How to propose a boy on chat easily? Try these quick tips for success now!

So last Thursday I was texting this guy I’ve been crushing on for months. My hands were actually shaking holding the phone, no joke. Felt like some high school crap but whatever. Decided screw it, I’m gonna shoot my shot through chat ’cause face-to-face ain’t happening with my awkwardness.

The Freaking Preparation

First thing I did? Stalked his profile pics again. Needed to time this right. Saw he posted a gym selfie an hour ago – good sign he’s in decent mood. Also made sure I knew his schedule – dude always naps at 3pm so 11am felt safe. Didn’t wanna get left on read during nap time.

Wrote my opener five times. Seriously. Deleted stuff like:

How to propose a boy on chat easily? Try these quick tips for success now!

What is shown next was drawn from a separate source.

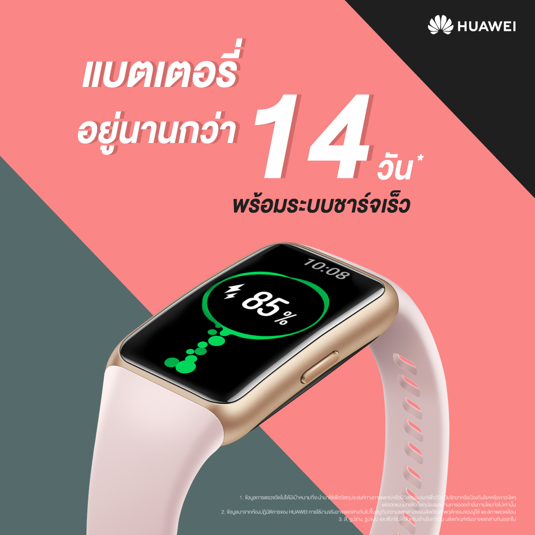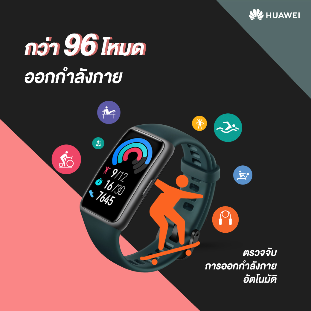 ผสานขุมกำลังของสุดยอดเทคโนโลยีอันล้ำสมัยอย่าง HUAWEI TruSeenTM 4.0 และอัลกอริธึมเพื่อการประหยัดพลังงานแบบใหม่ ทำให้สามารถวัดค่าความอิ่มตัวของออกซิเจนในเลือด1 หรือค่า SpO2 ระหว่างออกกำลังกายได้ ทั้งยังวัดอัตราการเต้นของหัวใจขณะออกกำลังกายได้เป็นอย่างดี โดยมอบโหมดออกกำลังกายให้อย่างจุใจถึง 96 โหมด ซึ่งรวมไปถึงโหมดใหม่ๆ ที่กำลังได้รับความนิยม อาทิ สเก็ตบอร์ด และกระโดดเชือก พร้อมรองรับทุกไลฟ์สไตล์ของสายแอคทีฟอย่างครอบคลุม และยังก้าวล้ำขึ้นไปอีกขั้นกับฟังก์ชันพิเศษซึ่งจะช่วยวัดรอบประจำเดือนและเตือนคุณสุภาพสตรีเมื่อรอบเดือนมาถึง เรียกได้ว่าตอบโจทย์ผู้ใช้งานทุกเพศทุกวัยอย่างแท้จริง

  • “Hey you might think this is weird but…” (sounds desperate)
  • “So hypothetically…” (too chicken)
  • Just a waving emoji (zero effort)

Ended up copying my friend’s advice:

“Saw that cool guitar pic you posted yesterday! Makes me wanna ask – wanna grab coffee sometime? I’ll bring terrible band recommendations 😂”

Sending The Damn Message

Hit send at 10:57am. Then panic mode. Immediately:

  • Tossed phone under couch cushion
  • Made burnt toast
  • Spilled orange juice cleaning said toast
  • Checked phone at 11:03 – NOTHING

My stomach dropped thinking I blew it. Then at 11:07…

DING.

Three typing bubbles show up. Felt like eternity. Then:

“HA your timing’s wild – just got dumped yesterday. But hell yeah coffee sounds better than my sad playlist rn 😂”

Chaos Mode Activated

Me being dumb thought this meant we’re trauma-bonding now. Replied:

“OMG that sucks!! Want me to come over with pizza? Emotional damage pizza is free tonight”

…Instantly realized how thirsty that sounded. Cue frantic damage control:

  • Sent crying-laughing emoji
  • Followed by “JK unless…?”
  • Then “Wait no bad joke”
  • Finally “Forget the pizza comment pls”

Saw him typing again. Held breath. Got:

“LMAO you’re wild. But honestly? I’ll take the pizza.”

So guess what happened?

We demolished two large pepperonis while binging trashy reality TV. Zero romance. But laughing hard enough I forgot about the original proposal. Made concrete plans for real coffee next Tuesday. Baby steps.

What Actually Worked

  • Used his interest as bait (that guitar pic)
  • Kept it casual (coffee > dinner)
  • Made him laugh (even at my expense)
  • Showed zero pressure (that burned toast was key)

It ain’t some romcom confession. But honestly? Better. Real. Plus got pizza out of it.